In the case of police, all cops are dealing with enormous cultural and systemic forces that build racial bias against minority groups. Even if a black cop doesn't view himself as racist, the way policing is done in the US is racially skewed — by, for example, targeting high-crime neighborhoods that are predominantly black. And these policing tactics can actually create and accentuate personal, subconscious bias by increasing the likelihood that officers will relate blackness with criminality or danger — leading to what psychologists call "implicit bias" against black Americans. Combined, this means the system as a whole as well as individual officers, even black ones, by and large act in ways that are deeply racially skewed.
"The culture of policing is one that's so strong that it can overwhelm individual racial differences," L. Song Richardson, a law professor at the University of California, Irvine, School of Law, said. "People are cops first, and they're their race second."
Police enforce the law in a racially skewed manner
A lot of US police work is inherently racially biased. Cops are told to patrol predominantly poor, crime-ridden neighborhoods that are so segregated that most of the residents are black. And since police are mostly present in these neighborhoods, most of the arrests and actions they take end up impacting a disproportionate numbers of black people.

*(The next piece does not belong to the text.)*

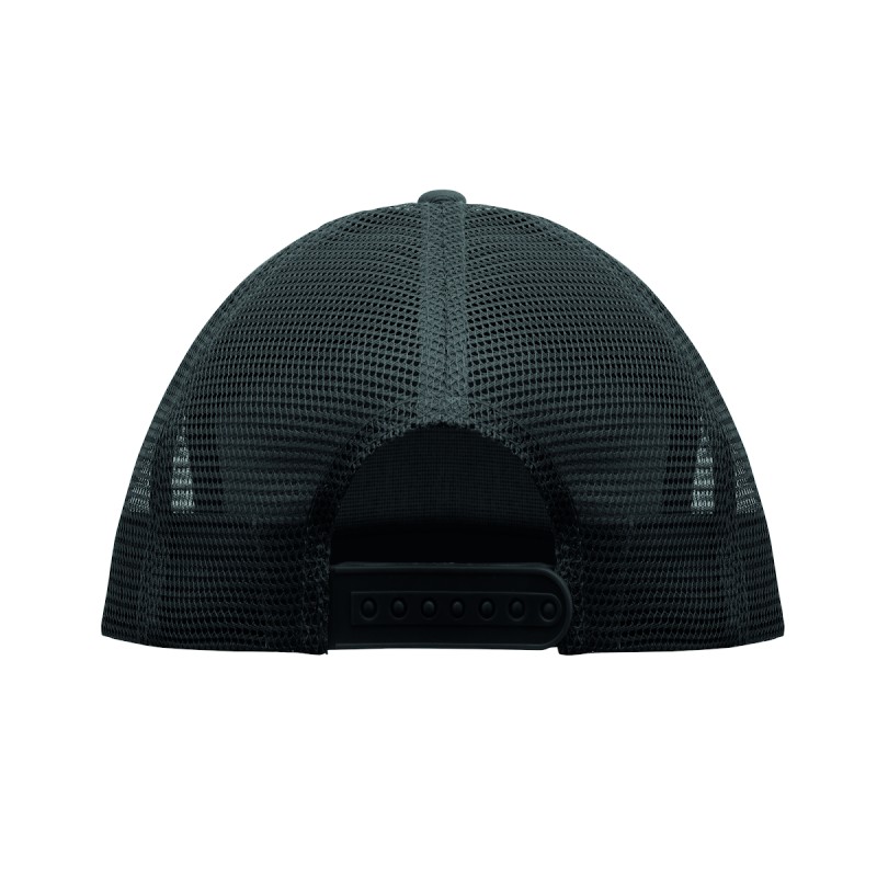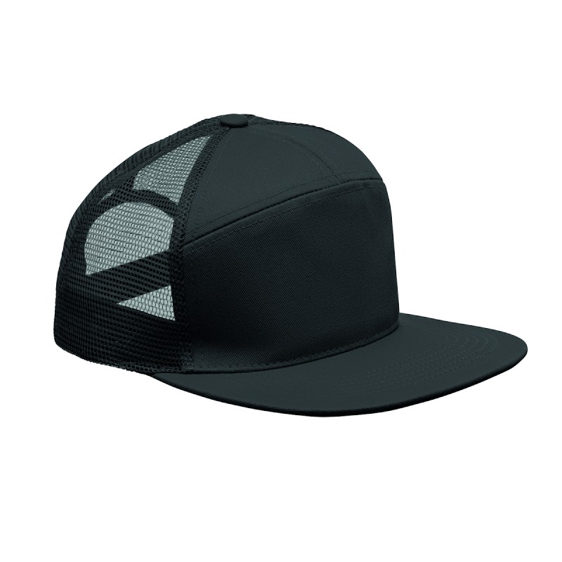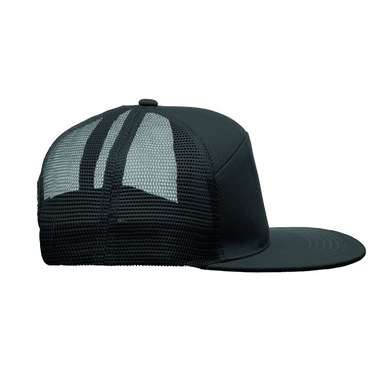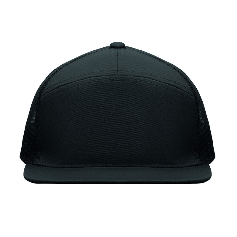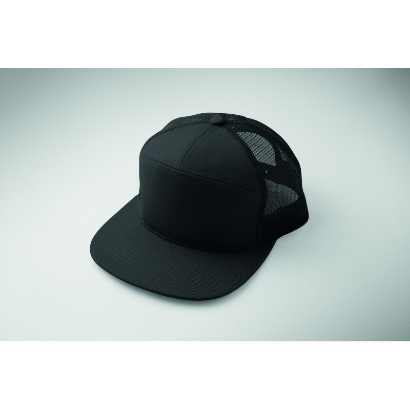 Casquette à visière plate à 7 panneaux en sergé de coton avec maille en polyester à l'arrière et fermeture en plastique.

"When departments concentrate enforcement efforts, for example, in high-crime areas, those areas are likely to be areas with disproportionate numbers of minority residents," David Sklansky, a law professor at Stanford Law School, said. "That means minority residents of the community are getting policed more intensely than people that live in other neighborhoods that have smaller proportion of minority residents and lower crime rates."
The problem is police aren't just deployed in predominantly black neighborhoods; they're also encouraged to arrest and ticket as many people as possible while on the job. Until 2014, a federal grant program financially incentivized local police departments to make as many arrests as possible for drug crimes. Many police departments also use number of arrests as a measure for evaluating individual police officers for raises and promotions. Coupled with deployment in certain areas, these incentives effectively encourage cops to arrest minority residents in large numbers.
"Our criminal justice system and different aspects of our criminal justice system are racist in application," Franklin, the retired police major, said. "Even if there was no intent in the design for racism, we've gotten to a place where it's the result of our policies."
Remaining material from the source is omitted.